Could you retype exactly the lines below between the one holding "경기도는 2024년 4월" and the one holding "除了评论显示硬件规格外,本次", inclusive, leaving out any pictures?

START THE RECORDS

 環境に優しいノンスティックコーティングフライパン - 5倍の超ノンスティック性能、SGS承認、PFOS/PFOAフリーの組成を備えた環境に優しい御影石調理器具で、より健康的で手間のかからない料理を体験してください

END THE RECORDS
START THE RECORDS

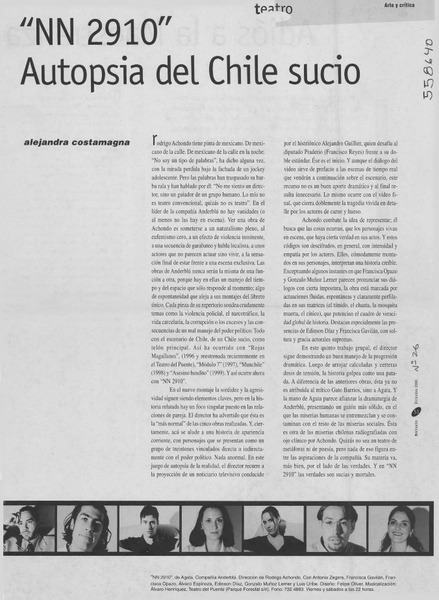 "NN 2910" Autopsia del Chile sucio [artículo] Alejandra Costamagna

END THE RECORDS
START THE RECORDS

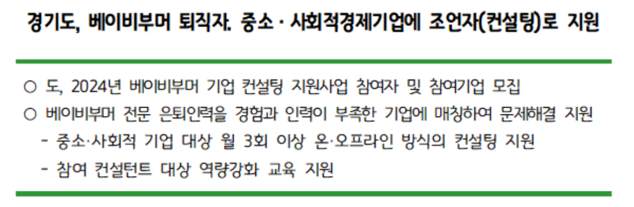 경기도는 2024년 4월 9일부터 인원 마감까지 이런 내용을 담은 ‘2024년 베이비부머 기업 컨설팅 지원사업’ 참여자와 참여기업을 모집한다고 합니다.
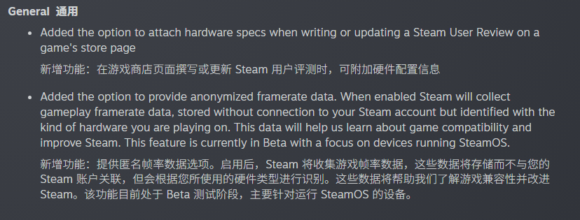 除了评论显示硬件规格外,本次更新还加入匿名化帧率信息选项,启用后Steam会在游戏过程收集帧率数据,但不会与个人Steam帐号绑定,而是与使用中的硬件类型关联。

END THE RECORDS

- [WRITTEN ANSWER]:
 경기도는 2024년 4월 9일부터 인원 마감까지 이런 내용을 담은 ‘2024년 베이비부머 기업 컨설팅 지원사업’ 참여자와 참여기업을 모집한다고 합니다.
 除了评论显示硬件规格外,本次更新还加入匿名化帧率信息选项,启用后Steam会在游戏过程收集帧率数据,但不会与个人Steam帐号绑定,而是与使用中的硬件类型关联。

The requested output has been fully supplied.